EXTRACTED MATERIAL:
════

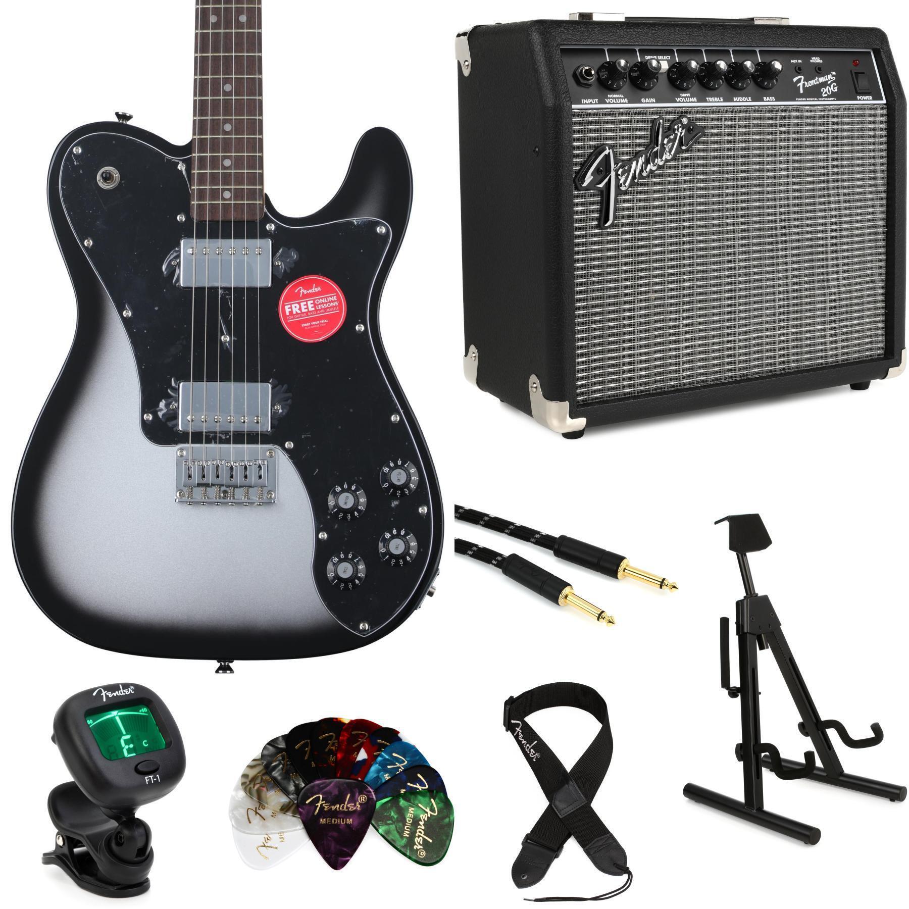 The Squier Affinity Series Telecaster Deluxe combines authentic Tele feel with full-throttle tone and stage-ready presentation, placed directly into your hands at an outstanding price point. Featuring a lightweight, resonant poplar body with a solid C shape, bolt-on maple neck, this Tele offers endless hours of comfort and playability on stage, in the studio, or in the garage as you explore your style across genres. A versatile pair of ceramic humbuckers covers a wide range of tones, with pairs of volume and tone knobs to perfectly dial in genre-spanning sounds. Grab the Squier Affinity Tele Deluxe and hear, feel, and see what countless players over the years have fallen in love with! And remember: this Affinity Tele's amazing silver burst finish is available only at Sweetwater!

════

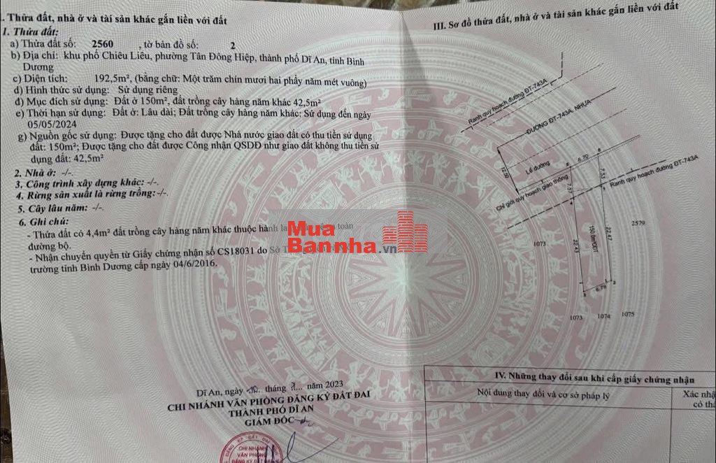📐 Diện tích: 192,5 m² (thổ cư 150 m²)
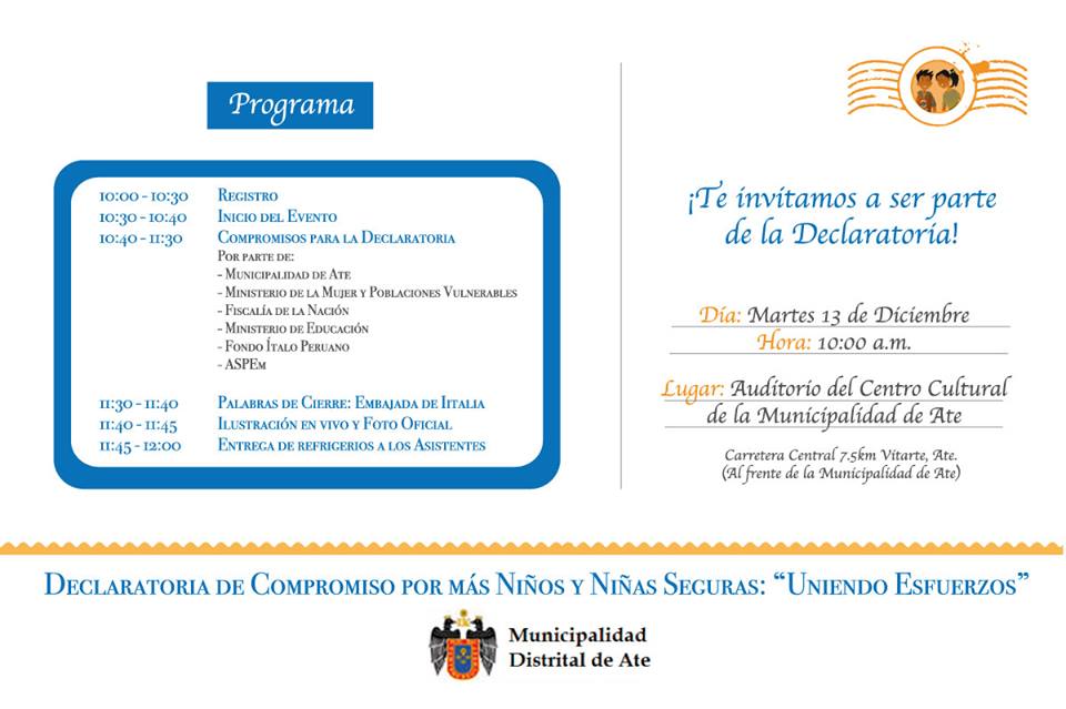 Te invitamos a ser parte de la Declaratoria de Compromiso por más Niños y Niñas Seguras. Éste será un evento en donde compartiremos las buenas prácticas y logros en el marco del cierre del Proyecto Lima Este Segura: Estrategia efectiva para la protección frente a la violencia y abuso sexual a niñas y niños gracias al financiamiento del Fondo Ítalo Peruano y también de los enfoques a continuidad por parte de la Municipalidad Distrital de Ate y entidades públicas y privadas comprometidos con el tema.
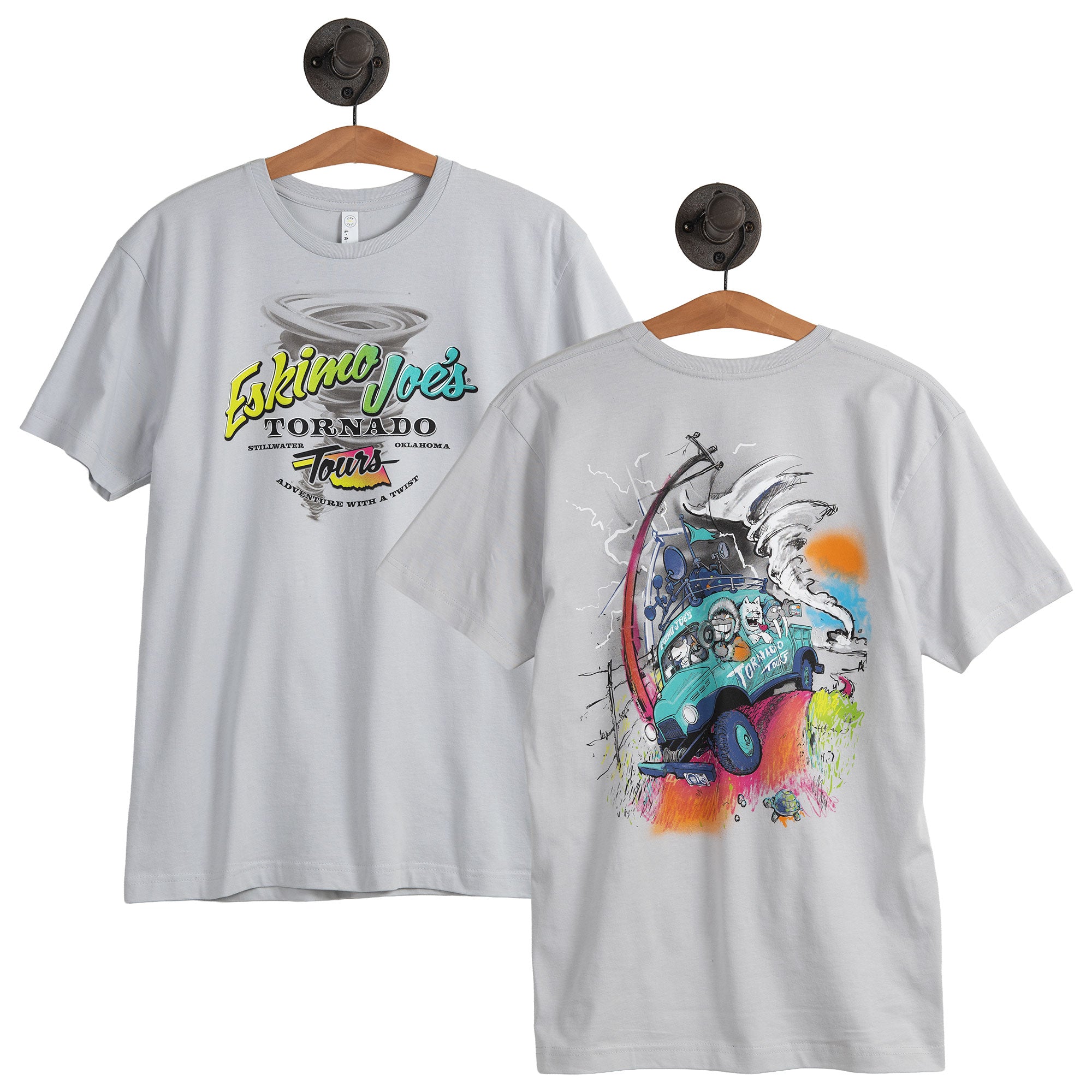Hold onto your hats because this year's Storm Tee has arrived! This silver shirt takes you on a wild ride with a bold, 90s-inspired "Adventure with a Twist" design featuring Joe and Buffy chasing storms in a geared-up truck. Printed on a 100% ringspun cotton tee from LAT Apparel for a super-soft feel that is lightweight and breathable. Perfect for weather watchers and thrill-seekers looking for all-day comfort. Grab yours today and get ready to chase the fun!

════

TASK DETAILS: Pictures excluded, transcribe the listing above exactly from the line with "(thổ cư 150 m²)" through the line with "Hold onto your", and no further.

RESPONSE:
📐 Diện tích: 192,5 m² (thổ cư 150 m²)
 Te invitamos a ser parte de la Declaratoria de Compromiso por más Niños y Niñas Seguras. Éste será un evento en donde compartiremos las buenas prácticas y logros en el marco del cierre del Proyecto Lima Este Segura: Estrategia efectiva para la protección frente a la violencia y abuso sexual a niñas y niños gracias al financiamiento del Fondo Ítalo Peruano y también de los enfoques a continuidad por parte de la Municipalidad Distrital de Ate y entidades públicas y privadas comprometidos con el tema.
Hold onto your hats because this year's Storm Tee has arrived! This silver shirt takes you on a wild ride with a bold, 90s-inspired "Adventure with a Twist" design featuring Joe and Buffy chasing storms in a geared-up truck. Printed on a 100% ringspun cotton tee from LAT Apparel for a super-soft feel that is lightweight and breathable. Perfect for weather watchers and thrill-seekers looking for all-day comfort. Grab yours today and get ready to chase the fun!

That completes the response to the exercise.